Assignment:
Within the records below, find each line that holds the string "shirt", then copy it.

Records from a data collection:
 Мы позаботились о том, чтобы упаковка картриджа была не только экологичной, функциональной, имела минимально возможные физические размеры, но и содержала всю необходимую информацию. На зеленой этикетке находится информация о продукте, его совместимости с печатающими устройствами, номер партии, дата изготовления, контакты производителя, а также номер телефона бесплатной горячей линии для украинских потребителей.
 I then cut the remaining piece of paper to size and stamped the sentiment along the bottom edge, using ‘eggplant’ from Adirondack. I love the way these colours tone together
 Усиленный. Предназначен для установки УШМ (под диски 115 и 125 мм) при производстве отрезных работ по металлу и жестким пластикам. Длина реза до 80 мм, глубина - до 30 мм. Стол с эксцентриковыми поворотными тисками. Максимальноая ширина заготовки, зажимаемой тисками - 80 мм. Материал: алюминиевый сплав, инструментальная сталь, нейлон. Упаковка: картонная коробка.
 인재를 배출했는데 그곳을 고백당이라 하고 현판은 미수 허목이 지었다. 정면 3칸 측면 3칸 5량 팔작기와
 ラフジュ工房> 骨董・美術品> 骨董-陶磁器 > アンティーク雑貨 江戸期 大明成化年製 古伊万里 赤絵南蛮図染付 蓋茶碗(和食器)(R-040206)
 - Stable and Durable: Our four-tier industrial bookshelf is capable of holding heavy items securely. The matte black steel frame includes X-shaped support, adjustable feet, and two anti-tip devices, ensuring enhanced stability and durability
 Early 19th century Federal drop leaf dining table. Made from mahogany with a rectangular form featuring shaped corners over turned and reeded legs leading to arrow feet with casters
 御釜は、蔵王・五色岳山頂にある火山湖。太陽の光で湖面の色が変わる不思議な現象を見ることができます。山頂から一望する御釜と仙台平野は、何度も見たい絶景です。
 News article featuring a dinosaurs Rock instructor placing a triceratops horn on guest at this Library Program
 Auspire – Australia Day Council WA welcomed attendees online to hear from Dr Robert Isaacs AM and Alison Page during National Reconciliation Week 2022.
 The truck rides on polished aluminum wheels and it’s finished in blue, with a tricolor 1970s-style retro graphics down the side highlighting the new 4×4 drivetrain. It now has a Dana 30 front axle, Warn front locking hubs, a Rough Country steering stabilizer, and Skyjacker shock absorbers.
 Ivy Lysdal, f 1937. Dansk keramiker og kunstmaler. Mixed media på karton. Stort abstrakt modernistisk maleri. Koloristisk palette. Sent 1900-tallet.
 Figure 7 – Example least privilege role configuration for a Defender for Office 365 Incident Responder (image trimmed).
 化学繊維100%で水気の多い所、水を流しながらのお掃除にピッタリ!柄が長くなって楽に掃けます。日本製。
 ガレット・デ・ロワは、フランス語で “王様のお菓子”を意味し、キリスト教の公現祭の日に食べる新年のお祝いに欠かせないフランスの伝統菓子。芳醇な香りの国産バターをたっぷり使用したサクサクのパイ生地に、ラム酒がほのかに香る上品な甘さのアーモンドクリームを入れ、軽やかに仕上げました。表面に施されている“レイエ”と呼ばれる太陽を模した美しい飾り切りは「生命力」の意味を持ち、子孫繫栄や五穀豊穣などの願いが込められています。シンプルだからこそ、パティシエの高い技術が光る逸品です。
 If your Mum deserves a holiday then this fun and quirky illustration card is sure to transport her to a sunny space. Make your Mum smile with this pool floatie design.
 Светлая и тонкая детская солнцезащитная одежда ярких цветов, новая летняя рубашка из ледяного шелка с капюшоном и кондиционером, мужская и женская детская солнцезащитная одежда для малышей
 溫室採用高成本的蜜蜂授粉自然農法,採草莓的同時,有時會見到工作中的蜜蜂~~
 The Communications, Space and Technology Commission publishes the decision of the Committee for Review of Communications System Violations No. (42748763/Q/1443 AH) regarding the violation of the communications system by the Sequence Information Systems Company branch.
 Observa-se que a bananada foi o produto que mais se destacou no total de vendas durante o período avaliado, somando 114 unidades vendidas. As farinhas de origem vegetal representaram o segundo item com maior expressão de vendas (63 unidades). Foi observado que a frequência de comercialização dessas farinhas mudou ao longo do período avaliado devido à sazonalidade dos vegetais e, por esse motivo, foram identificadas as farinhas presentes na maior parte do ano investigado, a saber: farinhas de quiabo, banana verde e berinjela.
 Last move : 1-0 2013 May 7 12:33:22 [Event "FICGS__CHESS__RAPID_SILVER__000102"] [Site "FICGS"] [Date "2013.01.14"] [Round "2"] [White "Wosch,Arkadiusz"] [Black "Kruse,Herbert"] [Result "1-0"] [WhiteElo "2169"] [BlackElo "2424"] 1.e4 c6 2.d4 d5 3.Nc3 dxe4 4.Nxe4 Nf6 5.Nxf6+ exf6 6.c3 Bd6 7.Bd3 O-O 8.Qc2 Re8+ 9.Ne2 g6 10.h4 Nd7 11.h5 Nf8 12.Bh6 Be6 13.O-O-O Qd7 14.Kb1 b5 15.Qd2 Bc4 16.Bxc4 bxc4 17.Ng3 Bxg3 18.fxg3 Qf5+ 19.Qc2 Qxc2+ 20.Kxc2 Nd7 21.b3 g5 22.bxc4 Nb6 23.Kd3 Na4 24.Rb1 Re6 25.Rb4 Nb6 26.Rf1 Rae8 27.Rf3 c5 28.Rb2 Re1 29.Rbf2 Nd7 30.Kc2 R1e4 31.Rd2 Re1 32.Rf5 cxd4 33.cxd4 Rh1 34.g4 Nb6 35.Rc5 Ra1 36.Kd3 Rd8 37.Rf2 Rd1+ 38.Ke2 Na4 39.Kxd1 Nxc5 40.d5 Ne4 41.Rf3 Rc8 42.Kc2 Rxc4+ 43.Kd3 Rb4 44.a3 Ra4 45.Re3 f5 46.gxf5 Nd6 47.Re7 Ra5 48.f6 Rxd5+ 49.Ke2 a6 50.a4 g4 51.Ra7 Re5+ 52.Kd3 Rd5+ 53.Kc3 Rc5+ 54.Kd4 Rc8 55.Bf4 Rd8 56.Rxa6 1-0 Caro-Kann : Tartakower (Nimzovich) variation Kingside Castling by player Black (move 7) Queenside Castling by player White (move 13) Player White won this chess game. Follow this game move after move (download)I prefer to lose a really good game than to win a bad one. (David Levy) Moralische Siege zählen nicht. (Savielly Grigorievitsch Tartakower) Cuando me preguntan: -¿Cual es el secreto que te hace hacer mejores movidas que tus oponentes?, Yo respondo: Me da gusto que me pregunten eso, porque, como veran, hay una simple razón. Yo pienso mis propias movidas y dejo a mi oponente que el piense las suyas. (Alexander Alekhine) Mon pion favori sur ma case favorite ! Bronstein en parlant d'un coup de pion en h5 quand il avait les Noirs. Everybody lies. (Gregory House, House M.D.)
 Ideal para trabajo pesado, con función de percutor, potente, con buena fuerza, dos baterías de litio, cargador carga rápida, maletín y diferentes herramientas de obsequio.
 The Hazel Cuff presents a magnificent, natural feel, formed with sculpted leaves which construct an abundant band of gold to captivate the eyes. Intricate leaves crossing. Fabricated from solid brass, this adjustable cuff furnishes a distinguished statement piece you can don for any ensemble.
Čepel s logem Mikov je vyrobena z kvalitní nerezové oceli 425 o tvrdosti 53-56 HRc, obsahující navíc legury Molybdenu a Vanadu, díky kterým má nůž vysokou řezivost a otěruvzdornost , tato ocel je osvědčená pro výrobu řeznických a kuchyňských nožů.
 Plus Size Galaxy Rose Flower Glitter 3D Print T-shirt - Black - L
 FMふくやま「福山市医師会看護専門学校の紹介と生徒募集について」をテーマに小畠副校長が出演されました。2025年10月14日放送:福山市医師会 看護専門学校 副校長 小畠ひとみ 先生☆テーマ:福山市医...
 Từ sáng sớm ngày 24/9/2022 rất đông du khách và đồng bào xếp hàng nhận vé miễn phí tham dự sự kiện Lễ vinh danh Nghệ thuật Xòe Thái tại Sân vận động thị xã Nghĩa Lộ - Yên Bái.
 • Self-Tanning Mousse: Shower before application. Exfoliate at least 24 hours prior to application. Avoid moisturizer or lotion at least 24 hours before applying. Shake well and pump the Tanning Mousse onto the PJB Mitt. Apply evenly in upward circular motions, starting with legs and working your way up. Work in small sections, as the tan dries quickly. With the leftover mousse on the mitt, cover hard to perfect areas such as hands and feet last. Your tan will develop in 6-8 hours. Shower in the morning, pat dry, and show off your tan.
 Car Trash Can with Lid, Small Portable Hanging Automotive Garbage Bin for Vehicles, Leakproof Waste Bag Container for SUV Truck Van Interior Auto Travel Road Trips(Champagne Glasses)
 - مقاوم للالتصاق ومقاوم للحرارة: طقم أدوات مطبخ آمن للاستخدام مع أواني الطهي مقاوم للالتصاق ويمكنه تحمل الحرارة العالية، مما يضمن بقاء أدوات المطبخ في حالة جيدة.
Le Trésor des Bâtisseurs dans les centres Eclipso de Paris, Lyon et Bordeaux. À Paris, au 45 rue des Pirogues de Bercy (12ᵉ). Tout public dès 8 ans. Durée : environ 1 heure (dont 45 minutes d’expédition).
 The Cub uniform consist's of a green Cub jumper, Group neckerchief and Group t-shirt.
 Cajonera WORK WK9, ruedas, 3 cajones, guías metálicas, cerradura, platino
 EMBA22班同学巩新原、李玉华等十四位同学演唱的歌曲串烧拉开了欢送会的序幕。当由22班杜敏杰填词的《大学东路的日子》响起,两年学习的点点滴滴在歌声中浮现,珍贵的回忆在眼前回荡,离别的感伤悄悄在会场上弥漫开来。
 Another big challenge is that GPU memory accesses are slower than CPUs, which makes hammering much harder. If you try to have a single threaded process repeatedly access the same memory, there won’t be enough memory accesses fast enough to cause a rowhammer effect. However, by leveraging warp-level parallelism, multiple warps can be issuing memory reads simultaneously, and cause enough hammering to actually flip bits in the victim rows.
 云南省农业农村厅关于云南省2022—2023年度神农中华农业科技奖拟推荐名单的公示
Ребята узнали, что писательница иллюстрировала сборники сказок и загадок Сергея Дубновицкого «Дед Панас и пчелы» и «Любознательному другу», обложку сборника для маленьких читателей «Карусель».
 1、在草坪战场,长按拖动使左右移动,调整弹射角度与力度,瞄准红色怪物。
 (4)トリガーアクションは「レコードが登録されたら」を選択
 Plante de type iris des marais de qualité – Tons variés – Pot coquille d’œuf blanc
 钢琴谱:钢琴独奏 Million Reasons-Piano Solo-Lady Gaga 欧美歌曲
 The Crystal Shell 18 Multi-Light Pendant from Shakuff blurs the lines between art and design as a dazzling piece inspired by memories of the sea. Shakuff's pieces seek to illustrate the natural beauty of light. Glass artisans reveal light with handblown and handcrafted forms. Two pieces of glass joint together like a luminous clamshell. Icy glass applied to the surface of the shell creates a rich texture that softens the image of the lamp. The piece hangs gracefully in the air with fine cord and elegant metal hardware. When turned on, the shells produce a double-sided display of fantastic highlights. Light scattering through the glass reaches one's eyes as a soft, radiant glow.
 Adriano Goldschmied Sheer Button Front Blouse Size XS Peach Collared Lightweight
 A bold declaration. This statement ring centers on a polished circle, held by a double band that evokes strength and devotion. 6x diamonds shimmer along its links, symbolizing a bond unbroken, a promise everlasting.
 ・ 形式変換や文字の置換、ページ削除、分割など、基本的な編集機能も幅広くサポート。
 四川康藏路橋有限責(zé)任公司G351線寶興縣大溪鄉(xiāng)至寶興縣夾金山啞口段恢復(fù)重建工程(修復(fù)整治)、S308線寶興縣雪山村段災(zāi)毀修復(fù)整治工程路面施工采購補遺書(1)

Problem solution:
 Plus Size Galaxy Rose Flower Glitter 3D Print T-shirt - Black - L
 The Cub uniform consist's of a green Cub jumper, Group neckerchief and Group t-shirt.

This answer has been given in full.